The chairman's idea for attracting new investors is a stroke of genius
Over the years, the insignificantly-sized investment company SmallBlue Planet ' along with its chairman's previous operations ' has been responsible for pioneering many of the innovations that have made Her Majesty's financial services industry the complete and utter bastion it is today.
This depth of vision has been behind the company's ongoing assault on the investing for children market that is currently proving so popular among fund management groups. Or, as the chairman put it as he welcomed me to SmalllBlue's offices the other day: 'One of our biggest concerns has been the severe drop in the level of equity market participation by investors.'
'Well, scary markets do have a habit of scaring investors,' I replied. 'Hence 'scary'.'
'Nonsense,' snorted the chairman. 'It's irresponsibility, plain and simple.
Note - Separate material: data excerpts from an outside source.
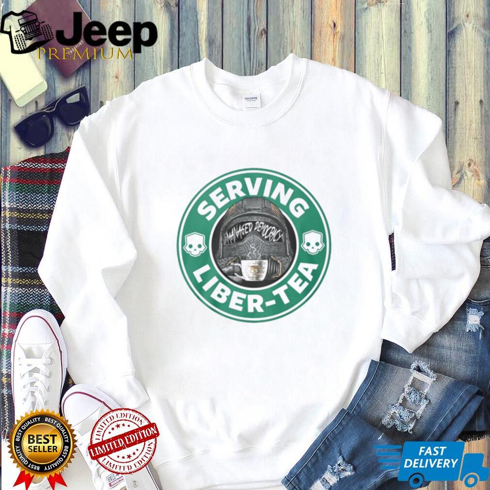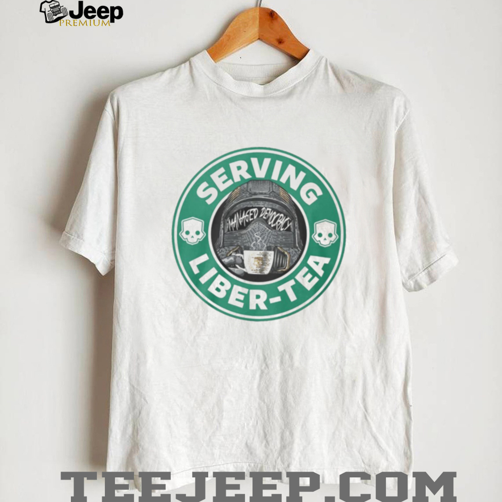 ()Serving Liber Tea Managed Democracy Coffee Logo Parody T Shirt, Treat yourself or make a great gift for your loved ones
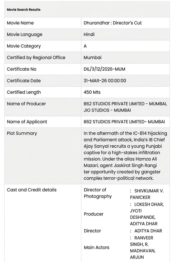 ఇదలా ఉండగానే ఇప్పుడు డైరెక్టర్స్ కట్ పేరిట 'ధురంధర్' చిత్రాన్ని ఏడున్నర గంటల నిడివితో థియేటర్లలోకి తీసుకురాబోతున్నారనే న్యూస్ బయటకొచ్చింది. మంగళవారం(మార్చి 31)న ఈ మేరకు సదరు భారీ నిడివి మూవీకి సెన్సార్ జరిగినట్లు ఓ ఫొటో వైరల్ అవుతోంది. ఏప్రిల్ 5 నుంచి దేశవ్యాప్తంగా ఎంపిక చేసిన థియేటర్లలో మాత్రమే ఈ సినిమా అందుబాటులోకి రానుందని తెలుస్తోంది. ఐమాక్స్, DC, HDR, EPIQ వంటి ప్రీమియం స్క్రీన్లలో మాత్రమే ప్రదర్శించే అవకాశం ఉందని తెలుస్తోంది.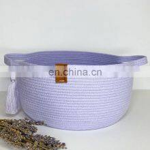 Home Decor Lavender Color Storage Basket, Round Decorative Basket With Handles. Cotton Rope Basket for Storage and Organization

And the sooner the punters realise that the better. So what better way of reminding them of their responsibilities than to underline the importance of investing for children? If they can't be bothered to look out for their own financial futures, the least they can do is think about their dear little kiddies'.'
'Isn't that known in some circles as blackmail?' I asked.
'I think our marketing boys prefer to put it slightly differently,' said the chairman. 'Although I believe the phrase 'guilt trip' may be involved. But that wasn't really why I asked you here. Follow me.'
So I did ' through into the courtyard that is banked on all four sides by SmallBlue's offices. I would have asked where we were going but the signs for 'SmallBlue Planet Petting Zoo ' Adults £10, children £9.50' rather gave it away.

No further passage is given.